Now, the Quebec government is taking a harsher line.

“Due to its agreement with the shipper, Canadian Pacific was, at all times, responsible for the crude oil from its point of initial possession until its delivery,” says Quebec’s amended lawsuit, which was filed last month.

“In these circumstances Canadian Pacific is directly responsible for the damages caused by MMA … additionally, Canadian Pacific is personally responsible for the damages caused by its own proper faults.”

CP rejected Quebec’s modification request and argued in its response, also filed in court, that the province’s motion “will unduly delay proceedings, (is) contrary to the interests of justice, and (is) useless and contrary to the principle of proportionality.”

A CP spokesman said the railway will not comment on the developments.

CP is the only company accused in the derailment to have refused to pay into a settlement fund for victims and creditors of the tragedy.

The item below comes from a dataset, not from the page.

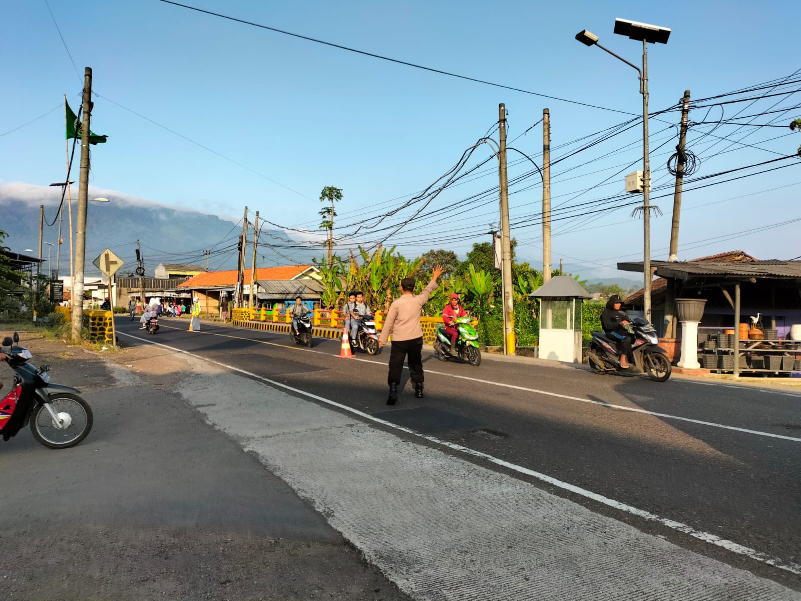 “Kegiatan tersebut dilaksanakan guna membantu masyarakat yang akan beraktifitas baik yang akan masuk kerja, ke kantor maupun ke sekolah dengan maksud perjalanan berjalan aman dan lancar,” Ungkap Aipda Eman.

MMA didn’t have enough insurance to pay damages to victims and creditors, so it filed for bankruptcy in the United States and Canada. The settlement fund is tied to the bankruptcy proceedings on both sides of the border.

All the roughly 25 companies—except MMA—that paid into a $440-million fund received legal immunity from future prosecution related to the derailment.

CP’s court battles relating to the Lac-Megantic disaster extend beyond the Quebec government’s lawsuit.

The rail company is facing a class-action suit in Quebec Superior Court from victims and creditors of the disaster.

It is also dealing with two other claims in the United States totalling more than $200 million.